EXERCISE REQUIREMENTS =
Working from the records below, repeat exactly the lines starting at the line that contains "रायपुर, 19 सितंबर" and ending at the line that contains "لهم: هي جنة", inclusive.

DATA FOR REVIEW =
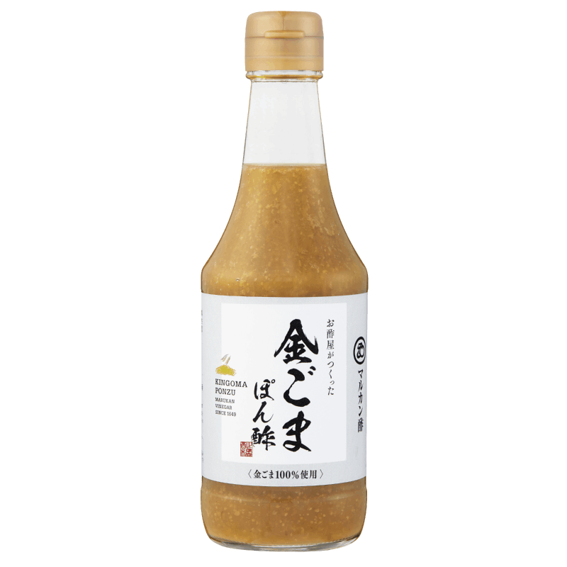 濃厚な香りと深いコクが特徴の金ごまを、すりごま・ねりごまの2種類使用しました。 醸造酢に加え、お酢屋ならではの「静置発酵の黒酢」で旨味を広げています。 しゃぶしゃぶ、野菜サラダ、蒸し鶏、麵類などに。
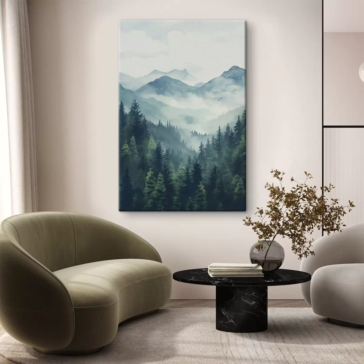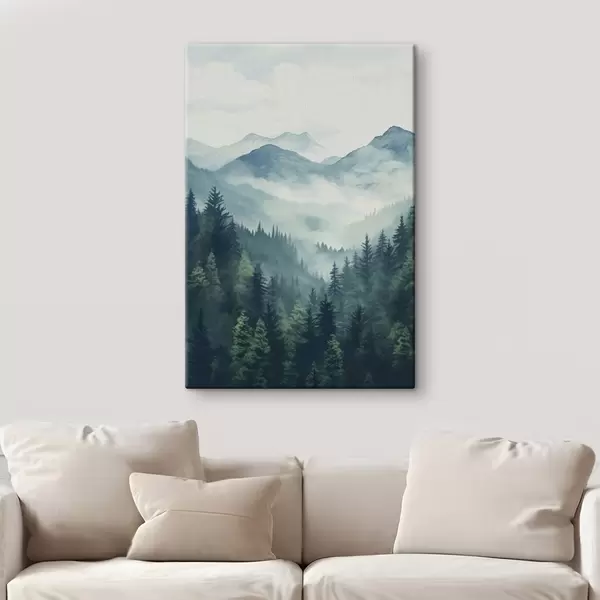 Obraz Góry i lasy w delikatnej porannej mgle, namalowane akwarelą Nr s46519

--

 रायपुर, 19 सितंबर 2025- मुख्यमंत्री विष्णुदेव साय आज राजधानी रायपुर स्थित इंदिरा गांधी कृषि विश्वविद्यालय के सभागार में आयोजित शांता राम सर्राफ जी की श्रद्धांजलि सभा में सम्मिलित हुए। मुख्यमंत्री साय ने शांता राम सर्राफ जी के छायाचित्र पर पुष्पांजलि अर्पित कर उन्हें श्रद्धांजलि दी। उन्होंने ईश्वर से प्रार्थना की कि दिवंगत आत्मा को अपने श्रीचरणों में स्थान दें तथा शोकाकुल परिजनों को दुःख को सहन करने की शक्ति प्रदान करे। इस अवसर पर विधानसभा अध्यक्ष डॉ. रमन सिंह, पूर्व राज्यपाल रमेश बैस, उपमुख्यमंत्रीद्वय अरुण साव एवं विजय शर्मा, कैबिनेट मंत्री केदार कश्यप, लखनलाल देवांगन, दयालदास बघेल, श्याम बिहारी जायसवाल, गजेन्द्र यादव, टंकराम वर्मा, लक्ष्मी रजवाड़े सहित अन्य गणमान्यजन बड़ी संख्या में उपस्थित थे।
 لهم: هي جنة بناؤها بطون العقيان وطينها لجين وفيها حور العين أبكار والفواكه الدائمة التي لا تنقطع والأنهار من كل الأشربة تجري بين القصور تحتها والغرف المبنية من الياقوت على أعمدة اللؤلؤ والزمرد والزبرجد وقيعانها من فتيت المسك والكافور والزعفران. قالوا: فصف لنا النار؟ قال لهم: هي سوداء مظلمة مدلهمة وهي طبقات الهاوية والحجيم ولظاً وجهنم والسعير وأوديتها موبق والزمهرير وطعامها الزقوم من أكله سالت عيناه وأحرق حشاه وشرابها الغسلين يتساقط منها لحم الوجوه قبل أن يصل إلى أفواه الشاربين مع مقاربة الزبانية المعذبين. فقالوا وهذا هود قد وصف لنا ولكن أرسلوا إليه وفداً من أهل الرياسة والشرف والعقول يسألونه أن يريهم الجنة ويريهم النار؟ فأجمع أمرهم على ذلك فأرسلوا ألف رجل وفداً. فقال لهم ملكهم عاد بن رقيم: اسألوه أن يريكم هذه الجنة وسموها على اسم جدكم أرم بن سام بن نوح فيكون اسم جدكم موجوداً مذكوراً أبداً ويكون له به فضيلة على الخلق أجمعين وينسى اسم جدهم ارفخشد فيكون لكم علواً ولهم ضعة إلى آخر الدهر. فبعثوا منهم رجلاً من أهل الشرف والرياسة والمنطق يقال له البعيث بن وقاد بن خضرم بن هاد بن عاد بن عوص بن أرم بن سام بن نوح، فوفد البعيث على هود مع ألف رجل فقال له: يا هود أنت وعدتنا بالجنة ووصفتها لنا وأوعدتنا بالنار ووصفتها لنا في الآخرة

RESPONSE BOX =
 रायपुर, 19 सितंबर 2025- मुख्यमंत्री विष्णुदेव साय आज राजधानी रायपुर स्थित इंदिरा गांधी कृषि विश्वविद्यालय के सभागार में आयोजित शांता राम सर्राफ जी की श्रद्धांजलि सभा में सम्मिलित हुए। मुख्यमंत्री साय ने शांता राम सर्राफ जी के छायाचित्र पर पुष्पांजलि अर्पित कर उन्हें श्रद्धांजलि दी। उन्होंने ईश्वर से प्रार्थना की कि दिवंगत आत्मा को अपने श्रीचरणों में स्थान दें तथा शोकाकुल परिजनों को दुःख को सहन करने की शक्ति प्रदान करे। इस अवसर पर विधानसभा अध्यक्ष डॉ. रमन सिंह, पूर्व राज्यपाल रमेश बैस, उपमुख्यमंत्रीद्वय अरुण साव एवं विजय शर्मा, कैबिनेट मंत्री केदार कश्यप, लखनलाल देवांगन, दयालदास बघेल, श्याम बिहारी जायसवाल, गजेन्द्र यादव, टंकराम वर्मा, लक्ष्मी रजवाड़े सहित अन्य गणमान्यजन बड़ी संख्या में उपस्थित थे।
 لهم: هي جنة بناؤها بطون العقيان وطينها لجين وفيها حور العين أبكار والفواكه الدائمة التي لا تنقطع والأنهار من كل الأشربة تجري بين القصور تحتها والغرف المبنية من الياقوت على أعمدة اللؤلؤ والزمرد والزبرجد وقيعانها من فتيت المسك والكافور والزعفران. قالوا: فصف لنا النار؟ قال لهم: هي سوداء مظلمة مدلهمة وهي طبقات الهاوية والحجيم ولظاً وجهنم والسعير وأوديتها موبق والزمهرير وطعامها الزقوم من أكله سالت عيناه وأحرق حشاه وشرابها الغسلين يتساقط منها لحم الوجوه قبل أن يصل إلى أفواه الشاربين مع مقاربة الزبانية المعذبين. فقالوا وهذا هود قد وصف لنا ولكن أرسلوا إليه وفداً من أهل الرياسة والشرف والعقول يسألونه أن يريهم الجنة ويريهم النار؟ فأجمع أمرهم على ذلك فأرسلوا ألف رجل وفداً. فقال لهم ملكهم عاد بن رقيم: اسألوه أن يريكم هذه الجنة وسموها على اسم جدكم أرم بن سام بن نوح فيكون اسم جدكم موجوداً مذكوراً أبداً ويكون له به فضيلة على الخلق أجمعين وينسى اسم جدهم ارفخشد فيكون لكم علواً ولهم ضعة إلى آخر الدهر. فبعثوا منهم رجلاً من أهل الشرف والرياسة والمنطق يقال له البعيث بن وقاد بن خضرم بن هاد بن عاد بن عوص بن أرم بن سام بن نوح، فوفد البعيث على هود مع ألف رجل فقال له: يا هود أنت وعدتنا بالجنة ووصفتها لنا وأوعدتنا بالنار ووصفتها لنا في الآخرة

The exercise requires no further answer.